EXERCISE BRIEF:
Scan the listing and copy each line where the word "Франции" is present.

------------

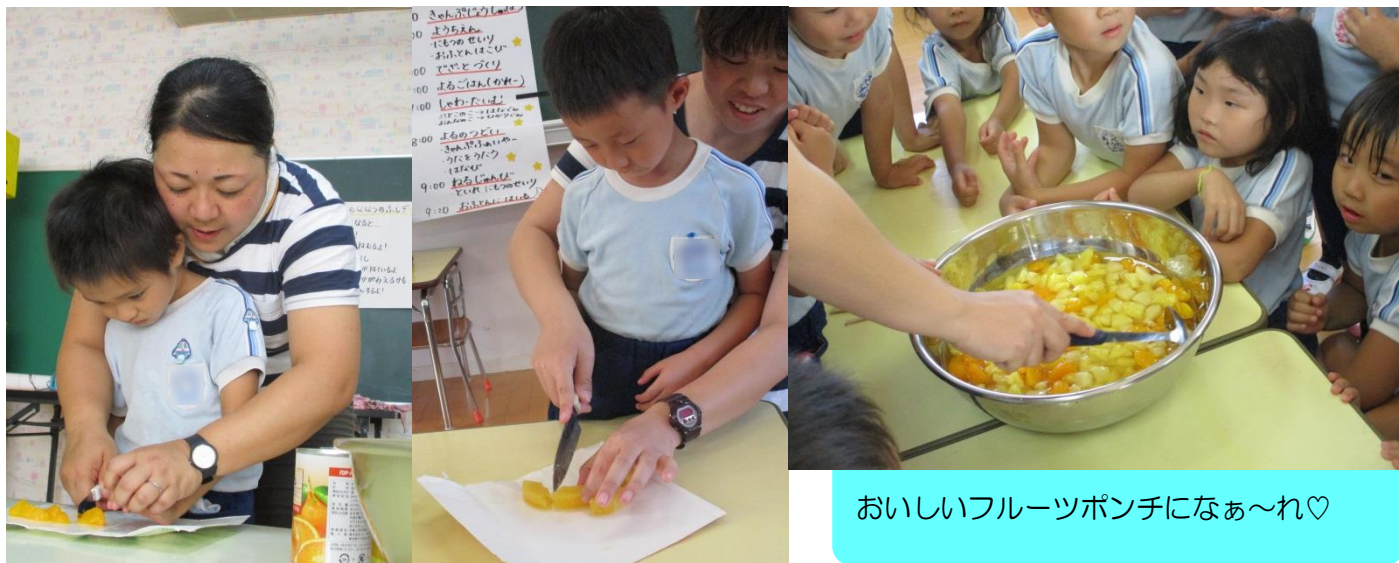
おいしいフルーツポンチになぁ～れ♡

各教室で夕食後のデザート作りをしました。フルーツポンチをみんなで作りしました。先生と一緒に包丁を持って、自分たちでフルーツを切りました。「包丁怖い…」と言っていた子どもも、先生と一緒にだったので、楽しく作ることができました。
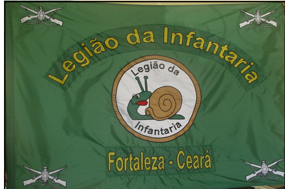
Estandarte da Legião da Infantaria / Fortaleza - Ceará
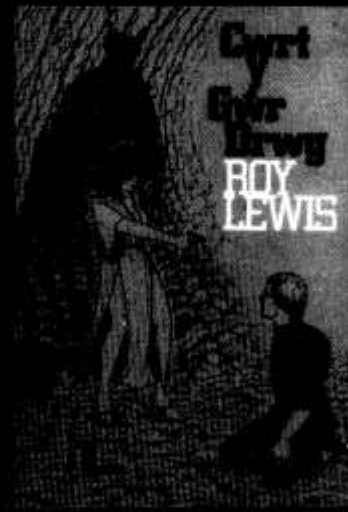
Nofel antur/dditectif orau'r ganrif yn Gymraeg. £1.95
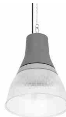
Campânula LED comercial CCT - (25W / 40W / 60W / 80W) - Difusor em policarbonato - UGR19 - Driver Lifud
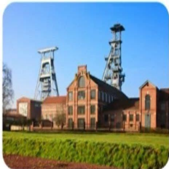
Угольные шахты Франции

Основа конституционной программы Шарля де Голля - идея «сильного государства», способного обеспечить величие Франции, национальную независимость и единство.
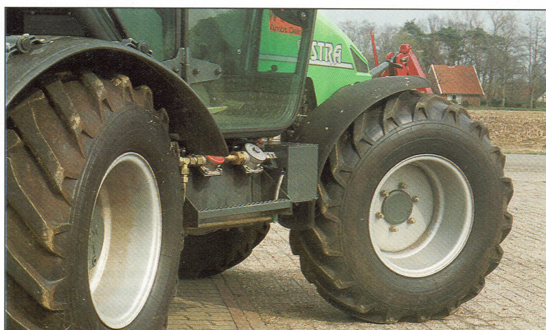
De Systra kent voorwiel-, achterwiel-, vierwielbesturing en hondegang
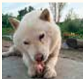
大好きな羊肉にガブリ!
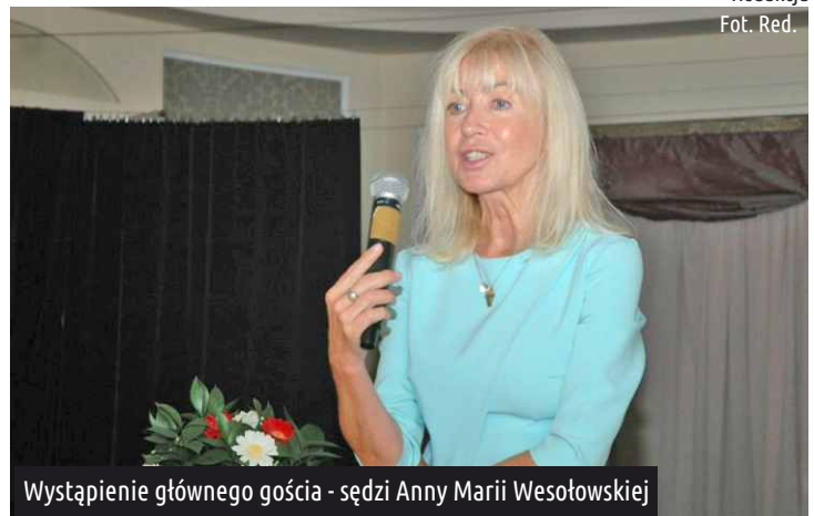
Wystąpienie głównego gościa - sędzi Anny Marii Wesołowskiej
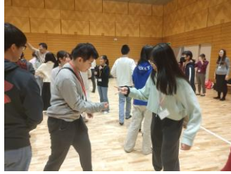
じゃんけんて自己紹介！
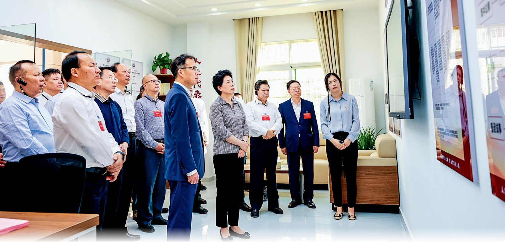
与会人员现场观摩湘乡市龙洞镇人大代表联络站“建管用”情况。
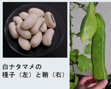
白ナタマメの 種子 (左) と鞘 (右)

植物性食品の多くは加工食品への利用がほとんどありません。その一因として、加工方法や加工特性を明らかにする研究報告が乏しいことが挙げられます。私はこれまでに、利用の少ない雑豆のナタマメに着目し、食品としての利用促進を目指した基礎的研究に取り組んできました。本講演では、ナタマメの加工方法、加工特性のほか、新たに見出した機能性成分についての知見と今後の可能性について紹介します。
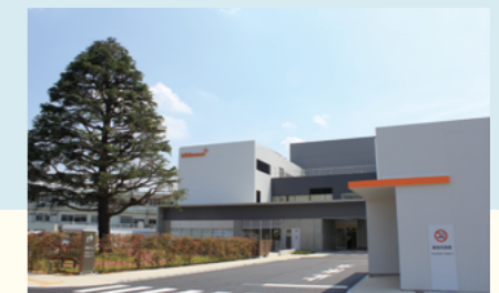
キッコーマン総合病院

当社グループの創業の地である千葉県野田市で、総合病院を運営し、訪問看護なども行っています。日本で唯一の食品メーカーが設立した総合病院として、「日本一おいしい病院食への挑戦」を掲げています。
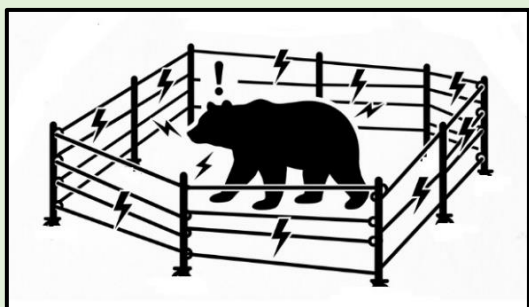
ポータブル電気柵（イメージ図）
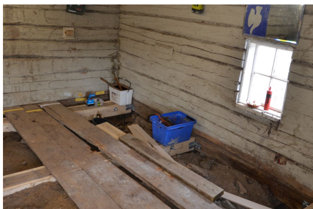
Bild 34. Förrådsdelen under pågående arbete med förstärkning av bjälklaget. Till höger syns fönstret vid husets östra gavel.
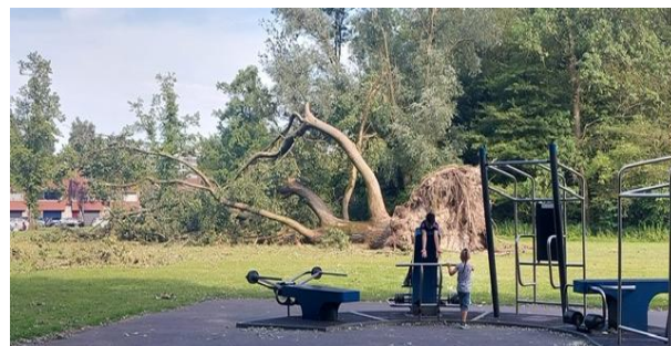
Stormschade Sloterpark 5 juli 2023 Windkracht 11 met uitschieters

Ook op de valreep: onze website heeft het deze week begeven, er is een nieuwe in voorbereiding!
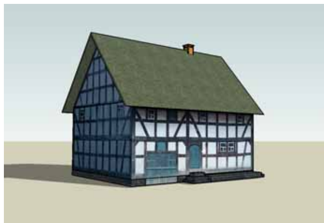
Das Modell Haus aus Eulenbruch
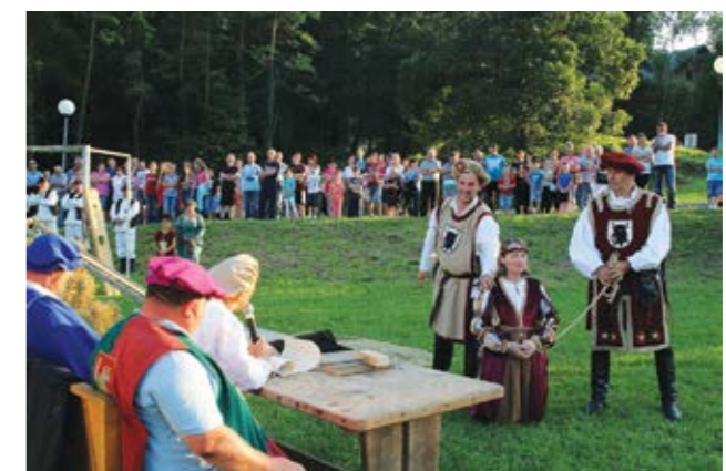
Gosti iz Slovenije uprizarili su legendu o Veroniki Desiničkoj

Manifestaciju Dani sporta, zabave i kulture organizirala je Udruga za sport i rekreaciju "Sport za sve" Višnjica, a uz pokroviteljstvo Grada Lepoglave potporu i pomoć u organizaciji pružili su višnjičke udruge -DVD Višnjica, Kuburaška udruga Prva kubura Višnjica, Lovačka udruga Graničar, OŠ Izidora Poljaka Višnjica i većinom domaći sponzori.

------------

EXPECTED OUTPUT:
Угольные шахты Франции
Основа конституционной программы Шарля де Голля - идея «сильного государства», способного обеспечить величие Франции, национальную независимость и единство.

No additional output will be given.